Nous ne lisons pas tout et nous ne lisons pas tous de la même façon. Ni en même temps.

 

Ce qui peut paraître ' bêtise, intolérance, ou poésie ' à un certain moment et à certains, peut complètement paraître sans intérêt, humour ou ' blanc' à d'autres, à d'autres moments, ou selon le vécu, et/ou ce que chacun veut/peut entendre. Pluralités de lectures, de sensibilités, d'expériences  et de compréhension.

 

Ce ne sont ni les citations à foison, ni les flatteries, ni le mépris... qui peuvent y changer quelque chose. Tout au plus ne plus lire un auteur qui déplaît, rien de très agressif. Il ne s'agit pas d'un manque de courage. Mais d'une attitude modératrice en fonction de ce que je viens d'énoncer. Souvent, un forum fait que l'on préfère se taire plutôt que rentrer en polémique, d'autant plus que cela entraîne des réactions en chaînes des  ' amis ', __ réactions très stériles.

 

Loup-de-lune, je comprends votre intérêt pour la poésie, et votre perception particulière pour la lecture des poèmes et commentaires, mais je crois sincèrement chacun capable de lire, voir, entendre, et commenter selon son propre ressenti.

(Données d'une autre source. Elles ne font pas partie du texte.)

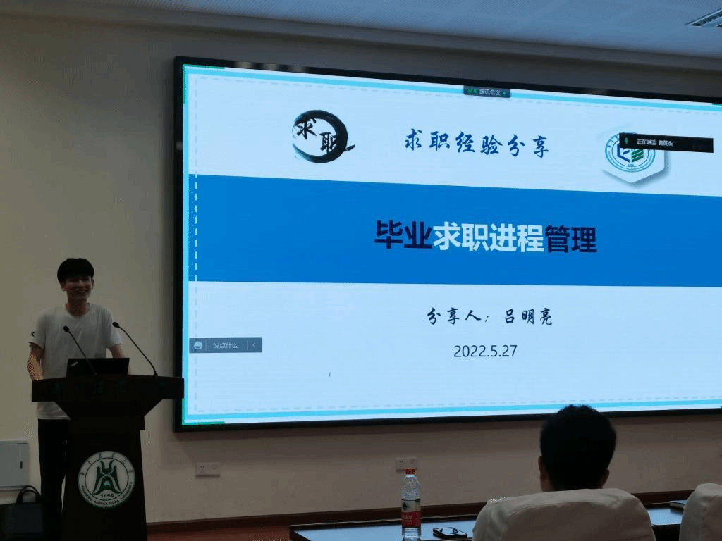 几位签约就业的优秀毕业生代表也向同学们分享了自己的求职经验。成功签约美的公司的吕明亮同学为同学们介绍了自己丰富的求职经历,并从求职途径、简历制作与投递、面试准备及过程、心态调整方面进行了全面的分享,最后总结道“毕业应聘忙,求职心别慌”。李畅同学以明确目标、找准定位为主题分享自己的求职经历,强调大家要注重自己综合能力的提升。

Je vous assure, par exemple, ne pas avoir vu la raison du pourquoi vous dites (très exagérément) (et je sais de quoi je parle) :

 

'' ... une petite odeur de portail d'entrée de camp de la mort, à l'instant du tri, non ?... pas même une toute petite ?... Qui est-il donc pour s'octroyer le droit de distinguer si péremptoirement ceux qui mériteraient d'être de ceux qui ne le mériteraient pas, et selon quels égotistes critères, quels dogmes abjects?... ''

 

 

Voilà pour ma réponse particulière. Cordialement.